Unnamed: 0,mpg,cylinders,displacement,horsepower,weight,accelartion,model year,carname
32,25.0,4,98.0,?,2046.0,19.0,71,ford pinto
126,21.0,6,200.0,?,2875.0,17.0,74,ford maverick
330,40.9,4,85.0,?,1835.0,17.3,80,renault lecar deluxe
336,23.6,4,140.0,?,2905.0,14.3,80,ford mustang cobra
354,34.5,4,100.0,?,2320.0,15.8,81,renault 18i
374,23.0,4,151.0,?,3035.0,20.5,82,amc concord dl


#### Now, use the not equivalent test, !=, to get all the rows that do not have a missing horsepower value.

In [63]:
autoMPGDataCleaned = autoMPGData.loc[autoMPGData['horsepower'] != '?', :]
autoMPGDataCleaned.tail()

Unnamed: 0,mpg,cylinders,displacement,horsepower,weight,accelartion,model year,carname
393,27.0,4,140.0,86.0,2790.0,15.6,82,ford mustang gl
394,44.0,4,97.0,52.0,2130.0,24.6,82,vw pickup
395,32.0,4,135.0,84.0,2295.0,11.6,82,dodge rampage
396,28.0,4,120.0,79.0,2625.0,18.6,82,ford ranger
397,31.0,4,119.0,82.0,2720.0,19.4,82,chevy s-10


In [64]:
autoMPGDataCleaned['horsepower'].unique()

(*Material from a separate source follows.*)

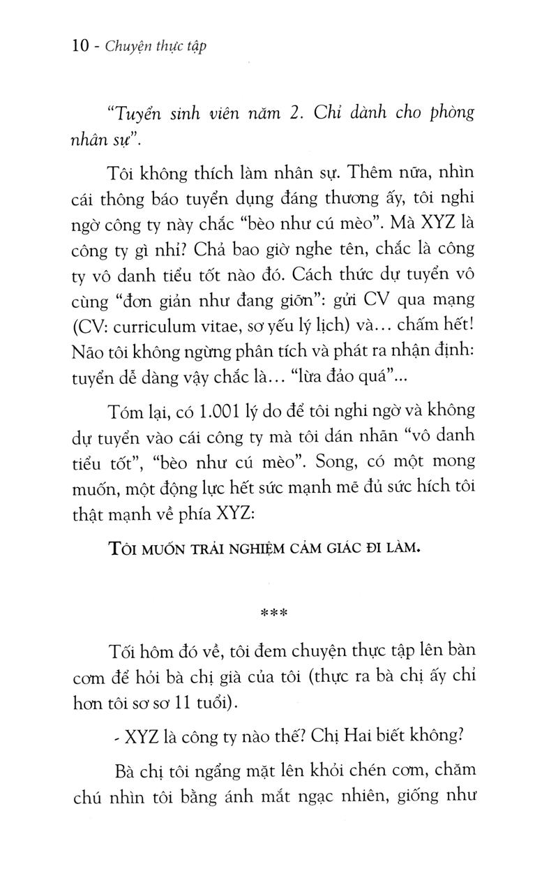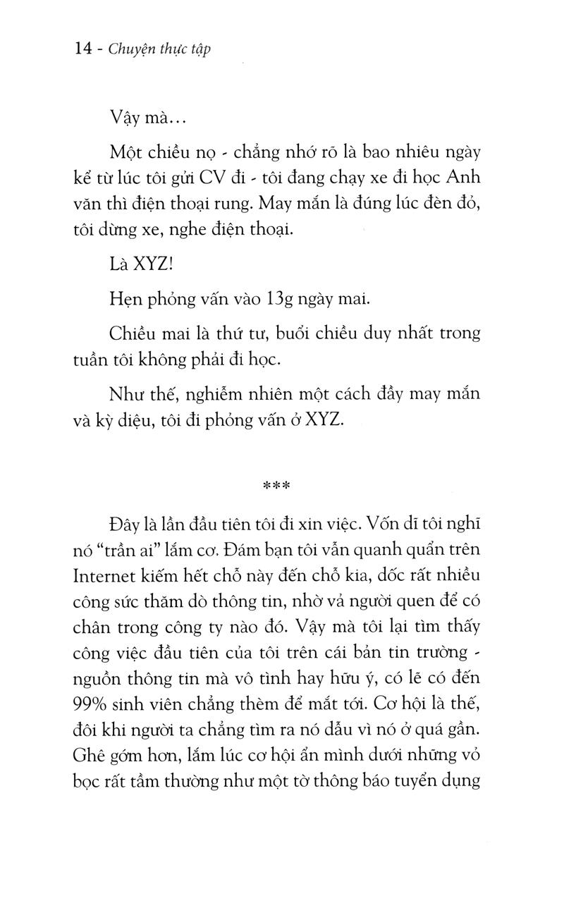 Bạn trẻ sẽ xoay xở thế nào với cái lịch dày đặc giữa công ty - giảng đường - lớp học ngoại ngữ buổi tối? Với những câu chuyện rất dung dị và đời thường từ Mai Anh, các bạn đang và sẽ đi thực tập sẽ có thêm nhiều kinh nghiệm quý báu, có một cái nhìn thực tế hơn về việc đi làm tại một công ty. Bạn đọc đã đi qua quãng đời thú vị này cũng sẽ bắt gặp lại hình ảnh của chính mình, trong những ngày đầu chập chững từ nhà trường đến công ty qua hình ảnh của cô thực tập sinh Mai Anh.

array(['130.0', '165.0', '150.0', '140.0', '198.0', '220.0', '215.0',
       '225.0', '190.0', '170.0', '160.0', '95.00', '97.00', '85.00',
       '88.00', '46.00', '87.00', '90.00', '113.0', '200.0', '210.0',
       '193.0', '100.0', '105.0', '175.0', '153.0', '180.0', '110.0',
       '72.00', '86.00', '70.00', '76.00', '65.00', '69.00', '60.00',
       '80.00', '54.00', '208.0', '155.0', '112.0', '92.00', '145.0',
       '137.0', '158.0', '167.0', '94.00', '107.0', '230.0', '49.00',
       '75.00', '91.00', '122.0', '67.00', '83.00', '78.00', '52.00',
       '61.00', '93.00', '148.0', '129.0', '96.00', '71.00', '98.00',
       '115.0', '53.00', '81.00', '79.00', '120.0', '152.0', '102.0',
       '108.0', '68.00', '58.00', '149.0', '89.00', '63.00', '48.00',
       '66.00', '139.0', '103.0', '125.0', '133.0', '138.0', '135.0',
       '142.0', '77.00', '62.00', '132.0', '84.00', '64.00', '74.00',
       '116.0', '82.00'], dtype=object)

![](Success!.png)

# Lesson Summary:
In this lesson you learned:
* How to use the .iloc[] method to select rows and columns from a dataframe by their number.
* How to use the .loc[] method to select rows and columns from a dataframe by their label.
* How to use the .loc[] method to select data based on boolean (True/False) arrays.